Na sessão de hoje Paco Bandeira, ou melhor, Francisco Veredas Bandeira, clamou inocência e negou todas as acusações, alegando ter sido sempre submisso à vontade da ex-mulher e que Maria Roseta quer dar o "golpe do baú".

Começou por dizer que entre os dois houve um período de "relação difícil a nível de diálogo” e que as discussões aconteciam na presença da filha de ambos por vontade de Maria Roseta. Adianta ainda que esse mau estar na relação se começou a verificar porque "Maria Roseta criava problemas com as minhas filhas [mais velhas]. A Maria Roseta tem a idade da minha filha mais velha e elas nunca se entenderam. Havia uma animosidade entre elas. ".
Confrontado pela juíza sobre o facto de uma semana depois do batizado da filha ter dito a Maria Roseta que tinha na sua posse um vídeo que comprovava a relação desta com o sacerdote de uma igreja e na sequência disso ter afirmado: “És pior que as prostituas . Não vales nada",  o músico disse que não era verdade. “Não percebo o interesse dela em manchar esse período de grande felicidade. Não tenho nem nunca tive ciúmes da Maria Roseta, ela nunca me deu razões para isso", afirmou Paco.

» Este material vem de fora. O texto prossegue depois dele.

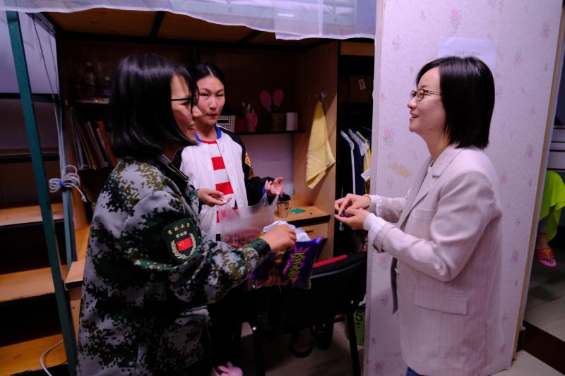 9月30日晚,冷贺璇老师与导助们带着礼物来到新生寝室,逐一走访,为新生送上精心准备的月饼和苹果,以及中秋的祝福。月饼代表喜迎中秋,苹果寓意着平安顺遂。冷老师祝大家中秋节快乐,希望大家都能在未来的日子里平平安安。收到礼物和祝福的新生们纷纷对感谢老师表达了自己的感谢之情,并同样祝福老师中秋节快乐。接着,冷老师和新生们谈论各自家乡的情况,还聊起了同学们在初入大学这段时间里的点点滴滴,说到有趣的地方,大家都笑出了声。一时间整个宿舍洋溢着节日的欢乐。最后,老师叮嘱大家近日气温多变,要注意防寒保暖。同时严格遵守疫情防控要求,中秋假期期间不要随意外出,有问题或者需要帮助的时候可以随时与老师联系。这个中秋节虽然没有家人的陪伴,但是有学院和老师的陪伴,新生们也不再感到孤单。

A juíza leu também uma das partes do processo em que diz que o músico chamou “puta, cabra” à mulher, afirmando que se relacionava com outros homens. Paco Bandeira disse que tal coisa nunca aconteceu.

Reitera a sua inocência afirmando ainda que “o comportamento da minha ex-companheira alterou-se por causa da minha vida. Não era eu que tinha ciúmes dela, era ao contrário. Não havia ninguém que se relacionasse comigo que ela não achasse que tinha ido para a cama comigo.”

O músico reafirma: "nunca lhe toquei com dedo" . Quanto à filha Constança, "é a pessoa mais importante da minha vida. Se ela não existisse eu já não estaria em Portugal, e olhe que tenho mais duas filhas e netos que amo bastante."
No decorrer da sessão, Paco Bandeira disse várias vezes que tudo não passava de uma invenção de Maria Roseta, que como técnica superior da Segurança Social nas prisões "está habituada a lidar com grandes criminosos e cria enredos e transporta para a realidade algumas dessas vivências:"é das maiores mentiras que já ouvi (...) é  uma grande invenção da parte da Maria Roseta (...) tem uma grande capacidade inventiva"

Paco Bandeira também foi obrigado a esclarecer os bilhetes escritos, a forma como passaram a comunicar, uma vez que deixou de haver diálogo, assumindo que escreveu alguns e afirmando que outros são falsos.